_YOUR TASK_
Retype, word for word, every line of the records below starting at the one that contains "Birth and Origin" and ending at the one that contains "隔壁手工区也吸引了很多同学的"; include both of those lines and nothing more.

_RECORDS FOR PROCESSING_
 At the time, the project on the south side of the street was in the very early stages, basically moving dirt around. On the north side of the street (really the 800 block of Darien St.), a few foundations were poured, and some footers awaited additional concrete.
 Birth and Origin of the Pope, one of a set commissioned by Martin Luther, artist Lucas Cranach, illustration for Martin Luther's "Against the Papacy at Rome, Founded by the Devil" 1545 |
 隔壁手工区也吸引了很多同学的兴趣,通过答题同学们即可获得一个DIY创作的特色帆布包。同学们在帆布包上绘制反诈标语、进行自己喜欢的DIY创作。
...
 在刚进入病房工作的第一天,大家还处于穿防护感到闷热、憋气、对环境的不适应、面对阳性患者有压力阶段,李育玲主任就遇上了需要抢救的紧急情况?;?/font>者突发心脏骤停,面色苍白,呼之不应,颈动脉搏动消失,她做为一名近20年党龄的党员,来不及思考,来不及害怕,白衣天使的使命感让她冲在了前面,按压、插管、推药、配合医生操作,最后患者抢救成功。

_ANSWER BOX_
 Birth and Origin of the Pope, one of a set commissioned by Martin Luther, artist Lucas Cranach, illustration for Martin Luther's "Against the Papacy at Rome, Founded by the Devil" 1545 |
 隔壁手工区也吸引了很多同学的兴趣,通过答题同学们即可获得一个DIY创作的特色帆布包。同学们在帆布包上绘制反诈标语、进行自己喜欢的DIY创作。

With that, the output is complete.